Tax Cuts and Jobs Act expiration is a chance for Tax Fairness to flourish

At a glance:

  • The Tax Cuts and Jobs Act (TCJA) of 2017 expires in 2025, offering Congress a chance to reshape tax policy and reverse regressive measures that weakened the U.S. tax base.
  • The TCJA primarily benefited corporations and wealthy individuals, while delivering little to no economic benefits for average Americans or workers.
  • Extending the TCJA would cost an estimated $400 billion annually, diverting funds from essential services like health care, education, and infrastructure.
  • Maine policymakers have already started to distance the state from harmful federal tax policies, showing a commitment to a fairer, more progressive tax code.
  • The upcoming decisions in Congress and Maine offer a chance to promote tax fairness and ensure the wealthy and corporations contribute their fair share.

The Tax Cuts and Jobs Act (TCJA) of 2017 expires at the end of 2025, giving the next Congress a chance to rethink tax policy and undo the regressive measures that have weakened the U.S. tax system. Maine’s tax laws may also be affected, depending on how closely the state aligns with federal changes.

The TCJA disproportionately benefits corporations and people with wealth

The TCJA primarily benefited wealthy individuals and corporations, offering huge tax breaks to big businesses while delivering little to no benefit for everyday Americans.1 The corporate tax rate was slashed from 35% to 21%, but after loopholes, exemptions, and deductions, large profitable corporations saw their effective tax rate drop below 13%. In four years, the top 296 corporations paid $240 billion less in taxes.2 In short, the TCJA largely benefitted executives and top earners, with no evidence of significant benefits to workers.

According to the Institute on Taxation and Economic Policy (ITEP), making the TCJA tax cuts permanent would give the top 1% in Maine an average tax cut of $27,000 while middle-income earners would receive modest cuts between $430 and $1,450. Meanwhile, Mainers in the bottom 20% would see an average tax cut of just $90. Wealthy households also gained the most from corporate tax breaks, as they own the majority of shares in large companies.

The TJCA comes with great costs

The Congressional Budget Office found extending the TCJA cuts would be even more costly than originally anticipated, with estimates ballooning each year over prior expected numbers. Extending the TCJA will have an estimated cost of over $400 billion per year,3 siphoning money away from important priorities, like housing, education, health care, and other investments in our communities that would help our economy thrive.

A chance is coming to restore tax fairness

Congress and the next president can reverse TCJA’s damage on tax fairness and federal revenues. Regardless of what happens in Washington, policymakers in Augusta can choose not to repeat the mistakes of the TCJA at the state level. Last year, legislators voted to decouple certain state income tax provisions from federal law, preserving the higher standard deduction regardless of what happens at the federal level,4 showing a willingness in Maine to depart from decisions made at the federal level.

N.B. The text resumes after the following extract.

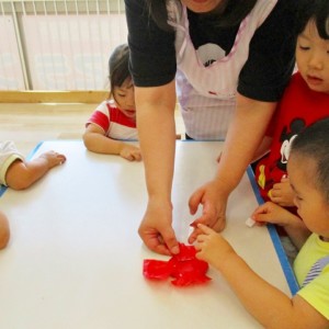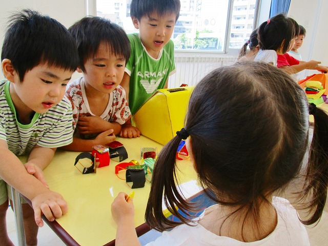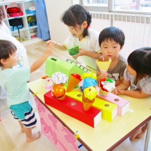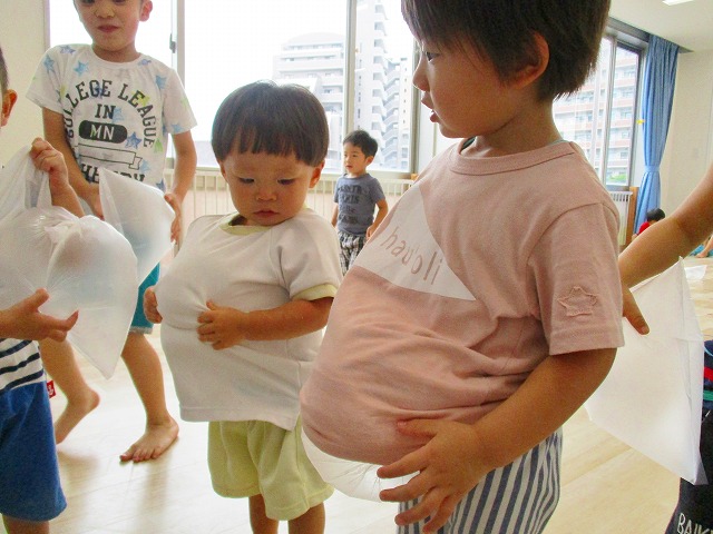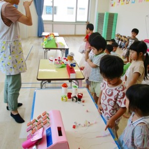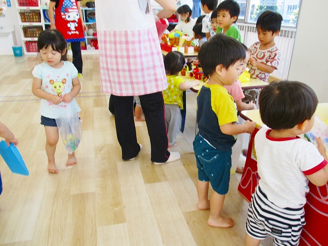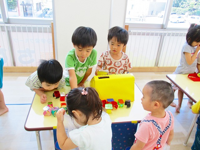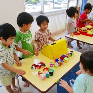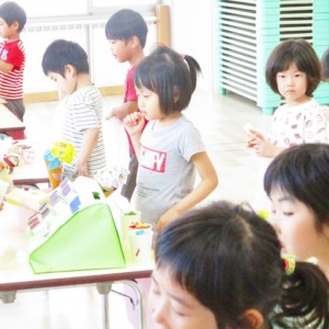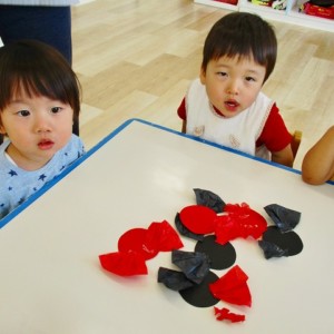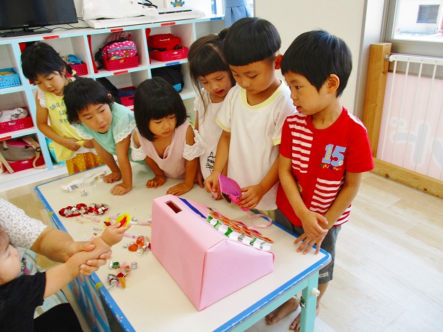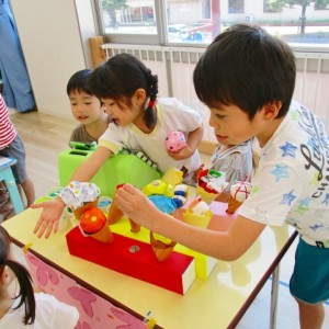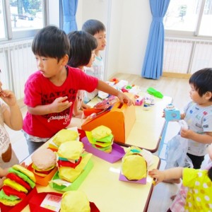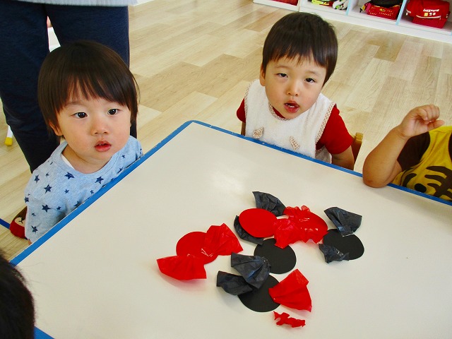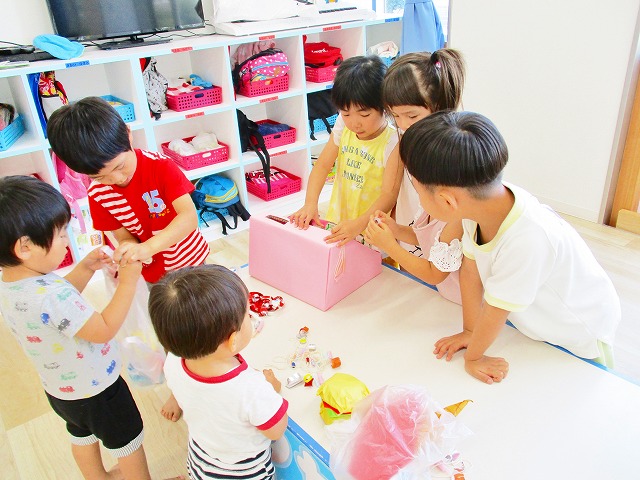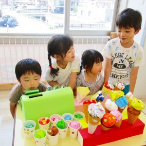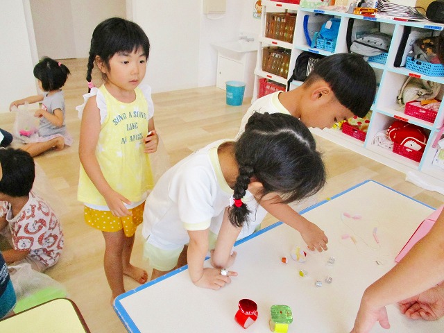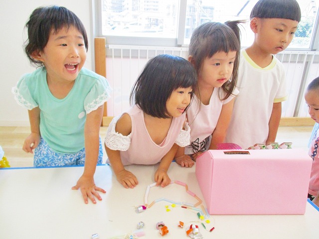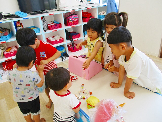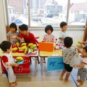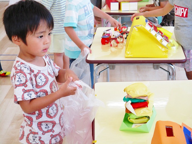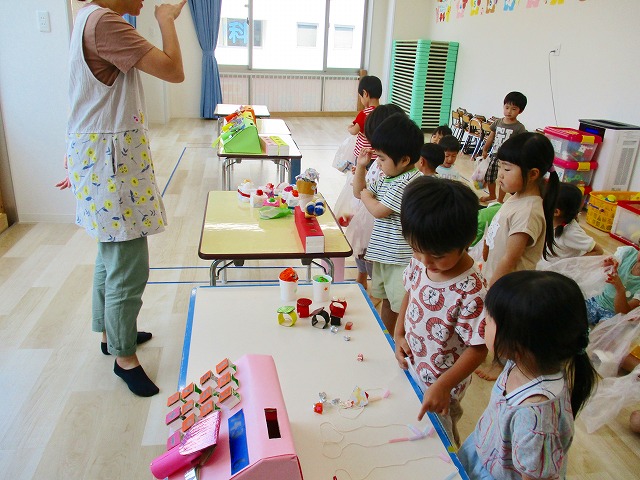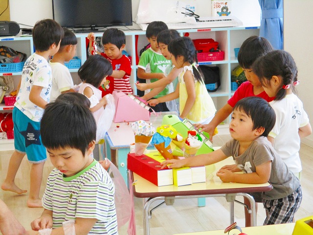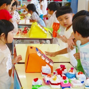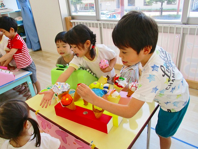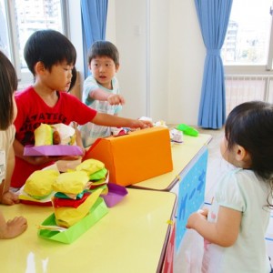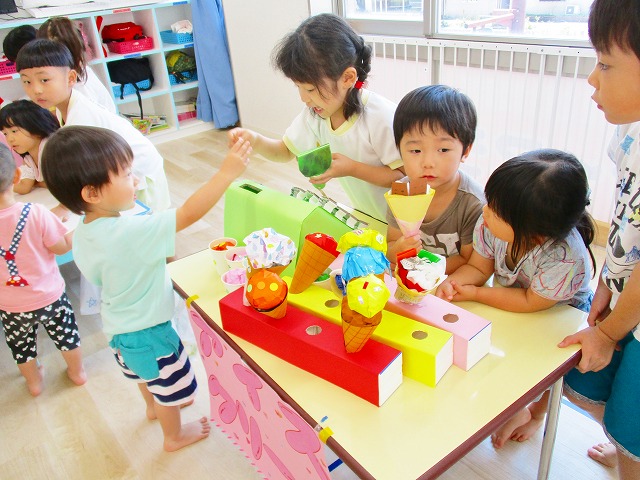 保育参観の時に、ぞうのお部屋でやった「お買い物ごっこ」を今度は、自分たちで商品をつくって、うさぎのお部屋のお友だちをご招待✨「いらっしゃいませ!!」元気いっぱいの店員さんたちに、小さいお友だちは、ちょっとびっくりしちゃってましたが、嬉しそうにお買い物してくれましたよ!!

The fight for the future of our tax code and tax fairness matters. Taxes are how we raise funds for important priorities, like our roads, bridges, schools, and social services. Instead of doubling down on tax policies that further inequality, we should ask more of those who benefit the most from our economy by enacting a more fair and progressive tax code. It’s time for the rich and corporations to pay their fair share.


Notes:

  1. Center on Budget and Policy Priorities, “Congress Should Revisit 2017 Tax Law’s Trillion Dollar Rate cut in 2025.” 21 March 2024.
  2. Institute on Taxation and Economic Policy, “Corporate Taxes Before and After the Trump Tax Law,” 2 May 2024.
  3. US Senate Committee on Budget, “Extending Trump Tax Cuts Would Add $4.6 Trillion to the Deficit, CBO Finds.” 24 May 2024.
  4. LD7, ultimately enacted as part of the FY24-25 state budget, LD 258.